Exercise details:
An exact reproduction of the data below is expected, free of images.

Source data:
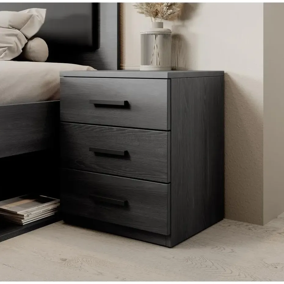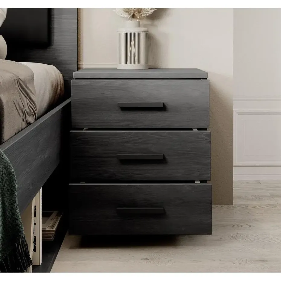 De Gina is een nachtkastje met een moderne uitstraling. Het kastje beschikt over 3 lades die te openen zijn met handgrepen. De Gina is gemaakt van een stevige spaanplaat constructie afgewerkt in een antraciet eiken kleur. Het meubel wordt ongemonteerd geleverd. Je dient het dus met behulp van de bijgeleverde handleiding zelf in elkaar te zetten.
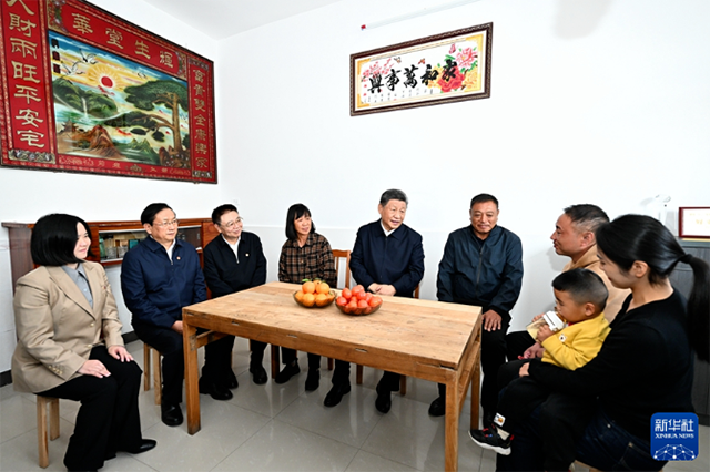在村民熊成龍家,習(xí)近平仔細察看家居生活,同一家人圍坐在一起,了解生產(chǎn)、孩子就業(yè)創(chuàng)業(yè)、家庭收入、養(yǎng)老醫(yī)療等情況。聽說這些年城鄉(xiāng)基本公共服務(wù)體系不斷健全,農(nóng)民物質(zhì)文化生活越來越有保障,習(xí)近平很高興。他希望一家人繼續(xù)努力,把生產(chǎn)、生活搞得更好,把孩子培養(yǎng)好,讓好日子越過越紅火。
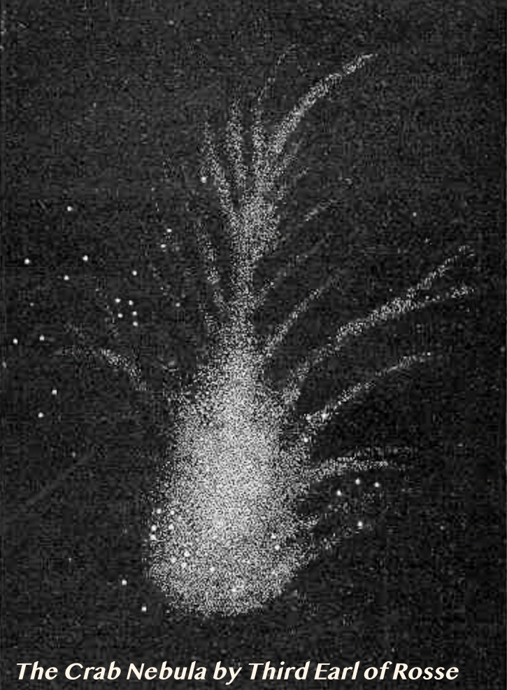 Early telescopic astronomers like Englishman John Bevis first laid eyes on what was left of the supernova in 1731. William Parsons, The Third Earl of Rosse, sketched it in 1844. Using his 36-inch speculum-mirror telescope at Birr Castle, County Offaly, Ireland, The Third Earl’s initial sketch of M1 looked like a crab. Later in his life, after The Third Earl built a telescope twice that size—also located at Birr Castle—the nebula looked nothing like a crab. But the original nickname stuck.
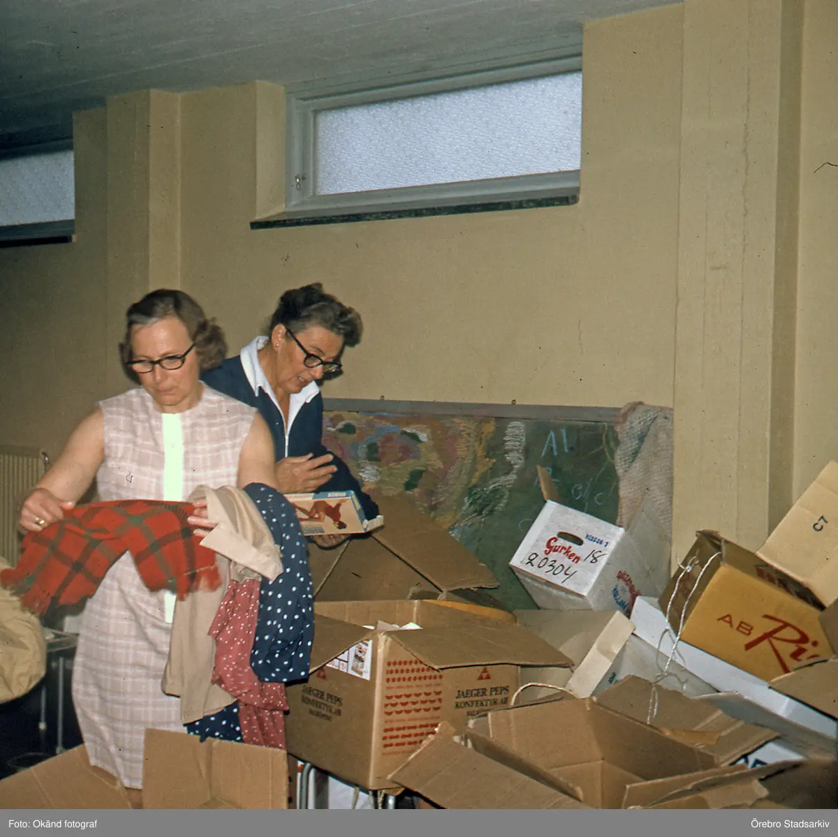 Packning av kläder till Röda korsets hjälpsändning, 1970

Reply to the exercise:
 De Gina is een nachtkastje met een moderne uitstraling. Het kastje beschikt over 3 lades die te openen zijn met handgrepen. De Gina is gemaakt van een stevige spaanplaat constructie afgewerkt in een antraciet eiken kleur. Het meubel wordt ongemonteerd geleverd. Je dient het dus met behulp van de bijgeleverde handleiding zelf in elkaar te zetten.
在村民熊成龍家,習(xí)近平仔細察看家居生活,同一家人圍坐在一起,了解生產(chǎn)、孩子就業(yè)創(chuàng)業(yè)、家庭收入、養(yǎng)老醫(yī)療等情況。聽說這些年城鄉(xiāng)基本公共服務(wù)體系不斷健全,農(nóng)民物質(zhì)文化生活越來越有保障,習(xí)近平很高興。他希望一家人繼續(xù)努力,把生產(chǎn)、生活搞得更好,把孩子培養(yǎng)好,讓好日子越過越紅火。
 Early telescopic astronomers like Englishman John Bevis first laid eyes on what was left of the supernova in 1731. William Parsons, The Third Earl of Rosse, sketched it in 1844. Using his 36-inch speculum-mirror telescope at Birr Castle, County Offaly, Ireland, The Third Earl’s initial sketch of M1 looked like a crab. Later in his life, after The Third Earl built a telescope twice that size—also located at Birr Castle—the nebula looked nothing like a crab. But the original nickname stuck.
 Packning av kläder till Röda korsets hjälpsändning, 1970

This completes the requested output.